▶ _Work instructions_
Every line between the one containing "Albert, gårdskarl på" and the last line of the data, both included, is to be set down exactly, and pictures are to be omitted.

▶ _Source data_

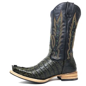 Bota de Jacaré Preto - Cano Médio, Bico Quadrado, SOLADO S-FLEX ARTESANAL
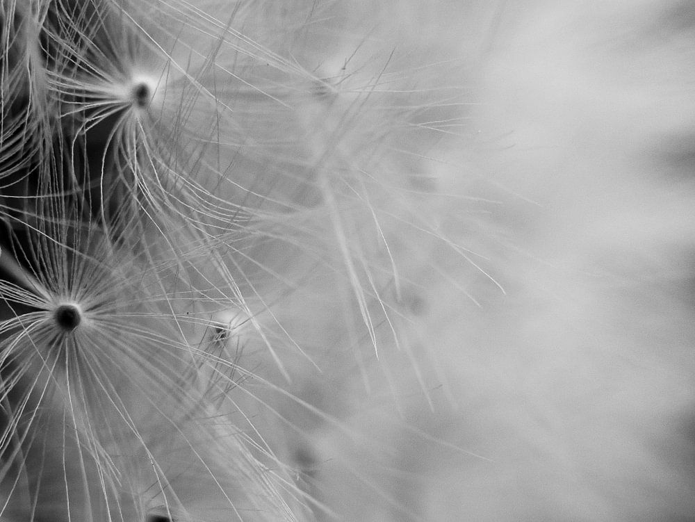 Schönes, mysteriöses Schwarz-Weiß-Makrofoto eines Löwenzahnes in den belgischen Ardennen, aufgenommen, bevor die Samen durch den Wind verteilt werden. Wenn du diese Samen selbst aus dem Stiel bläst, kannst du dir einen Wunsch machen ;-)
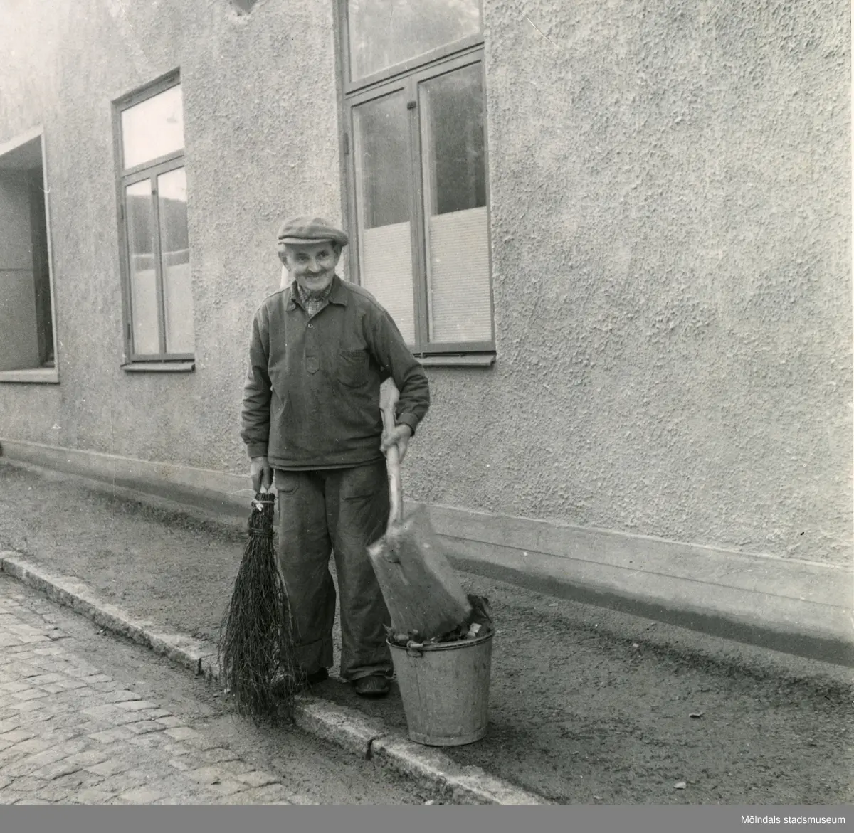 Albert, gårdskarl på Viktor Samuelsons fabrik "Strumpan", i Mölndals Kvarnby. Okänt årtal. Statyn Albert, av konstnären Lars Spaak, som står på Mölndals Torg, har fått sitt namn från denne Albert.
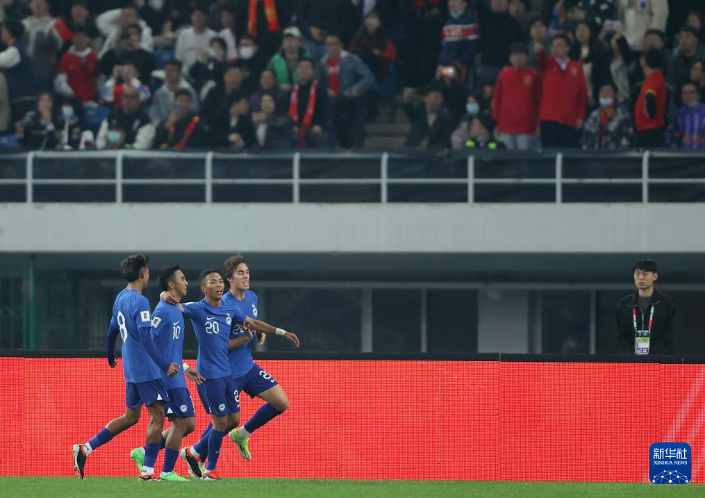 3月26日,新加坡队球员拉姆利(左二)进球后与队友庆祝。新华社记者 贾浩成 摄

▶ _Written solution_
 Albert, gårdskarl på Viktor Samuelsons fabrik "Strumpan", i Mölndals Kvarnby. Okänt årtal. Statyn Albert, av konstnären Lars Spaak, som står på Mölndals Torg, har fått sitt namn från denne Albert.
 3月26日,新加坡队球员拉姆利(左二)进球后与队友庆祝。新华社记者 贾浩成 摄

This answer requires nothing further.